Sunday, October 5, 2014

REVIEW: The Broken Eye by Brent Weeks

I'm a huge fan of Brent Weeks' work and this series in particular; they're fresh, fast paced and engaging. It is a huge sadness to me then to have found the third installment of the Lightbringer series somewhat disappointing.

I must preface this by saying that I think a large part of my opinions of books are coloured by the context in which I am reading them and what books I have read immediately preceding. In this case I had just finished reading Robin Hobb's debut trilogy including Assassin's Apprentice, Royal Assassin and Assassin's Quest; truly great fantasy works with incredible depth. The Broken Eye in comparison felt shallow in terms of development, investment and length.

Before I get into that, I do want to talk about what I loved. I love this world and its magical and political systems; this is where Weeks' excels. Previously I have admired the great and diverse cast of characters, especially Gavin and Kip who bring some great humour and wit to the narrative.
 
The Broken Eye however falls down on so many levels, as can be common for a mid-series novel. Firstly, nothing much actually happens in this book. Weeks' bogs us down with an enormous amount of unnecessary and repetitive introspection from every character, sometimes in the most wildly inappropriate and unrealistic places ('even though I am currently watching my friend die, I'm going to spend a page and a half thinking about myself and my general life goals'). Each characters' journey in this installment can be boiled down to one small action or decision and this is not nearly satisfying enough.

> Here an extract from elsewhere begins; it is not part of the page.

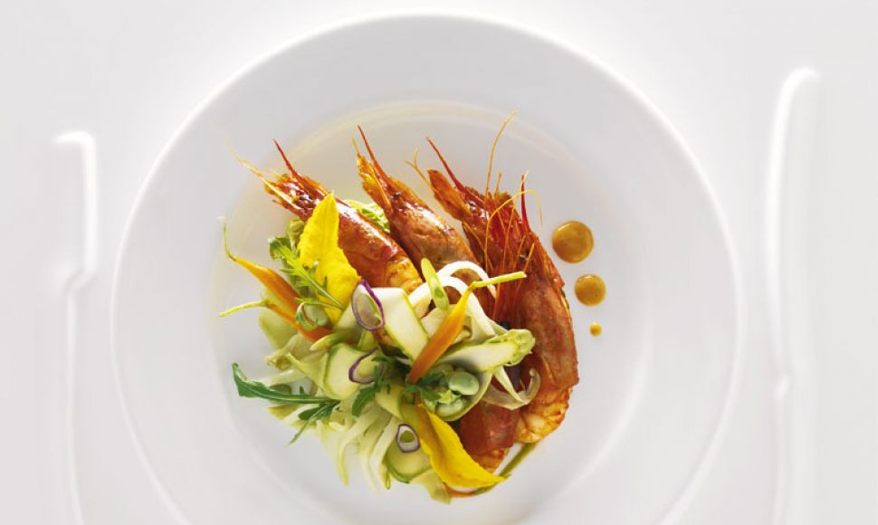 Décortiquer les queues en gardant les têtes et en laissant la dernière partie de la carapace accrochée sur la queue. Réserver au frais.

Liv for instance manages to walk into a tavern, talk with her father and find a mysterious object - and that's more than some.

The worst crime The Broken Eye committed was forcing me to skim. Skimming, ladies and gentlemen can never be forgiven.

Character viewpoints switch too often for the reader to really be able to sink their teeth into what is happening in each scene. Each chapter is woefully short, especially if like me you have been reading other novels that have a single character viewpoint.

I think the story itself has been horribly muddied at this point and left me confused about where everyone stands, and not in a good way. With the growing yet vague presence of The Broken Eye cult, on top of the war with the Colour Prince, I am left feeling insure about where this story is going. The previous two books had fantastic growth and defined purpose, but this third book just felt like a joiner with some fill.

Some characters became flimsy and not consistent with previous books, especially the twist at the end, which I found hard to stomach.

Ultimately it felt like Weeks' has unnecessarily drawn out this series. There needed to be some hard editing/cutting of waffling inner monologue and then another 50% more story added to make this release satisfying enough.

At the end of the day I'm still a fan of Lightbringer and will be sure to snap up Weeks' next release, but this book is definitely a weak part of the series.